Они поднялись на каменную гриву и побежали по гребню на запад.
— Ноги ставь только на голый камень. На мох и лужи не наступай, чтобы следов не оставлять!
Грива позволила им уйти почти на милю в сторону от прежнего направления, потом она сровнялась с землей и сошла на нет. Тогда они снова двинулись на север.
— Ну, кажется, все в порядке, — сказал Орми, — Хотя… Погоди-ка…
Визгливые крики огласили лес. Несколько десятков оборванных, тощих людей выскочили из-за скал и деревьев слева и справа от путников. Те не успели опомниться, как были окружены.
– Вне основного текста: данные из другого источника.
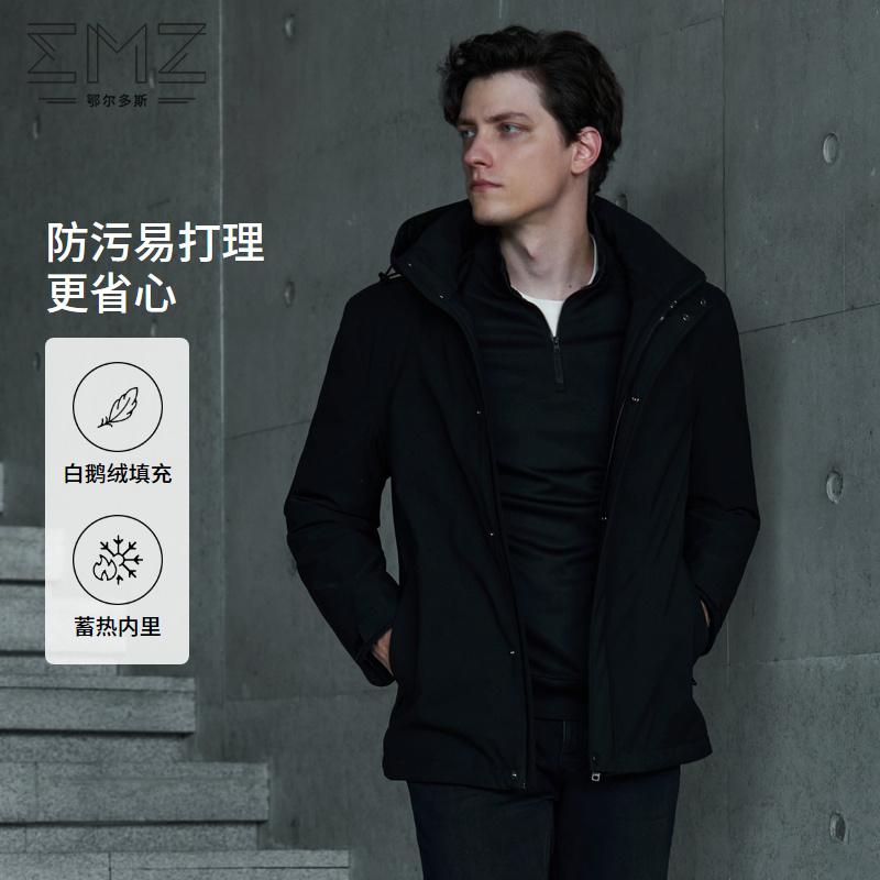 【白鹅绒】emz鄂尔多斯冬季男士加厚保暖休闲商务带帽羽绒服外套

Орми некогда было раздумывать. Он выхватил меч и бросился в бой, надеясь сойтись с людоедами врукопашную прежде, чем они пустят в ход луки. Он обрушился на них, как разъяренный змееног. Ни у кого из дикарей не было железного оружия, и Орми ловко перерубал древки копий и уложил уже пять человек, когда услышал за спиной знакомый хриплый голос:
— Ну-ка, братцы, оставьте змееныша. Мы его живого возьмем. Эй, Орми, повернись. Посмотри на меня, крушитель святынь. На этот раз ты попался, и я взял тебя голыми руками, даже не дотрагиваясь до твоего вонючего тела.
Орми перебил всех людоедов, которые были поблизости. Остальные боязливо пятились. Он смог обернуться и взглянуть на говорящего. Конечно, это был он — Кулу, вождь ядозубов. Хотя узнать его было непросто: на его лице лежала печать ужасных лишений, голода и долгих скитаний. Он страшно исхудал и выглядел почти стариком. Не лучше был вид и у его спутников Орми с трудом, но все же узнавал их теперь, одного за другим.
— Вот и встретились, — ухмыльнулся Кулу. — Бросай свой ножище, а то я перегрызу ей глотку.
Кулу обеими руками вцепился в горло Эйле, та бессильно дергалась.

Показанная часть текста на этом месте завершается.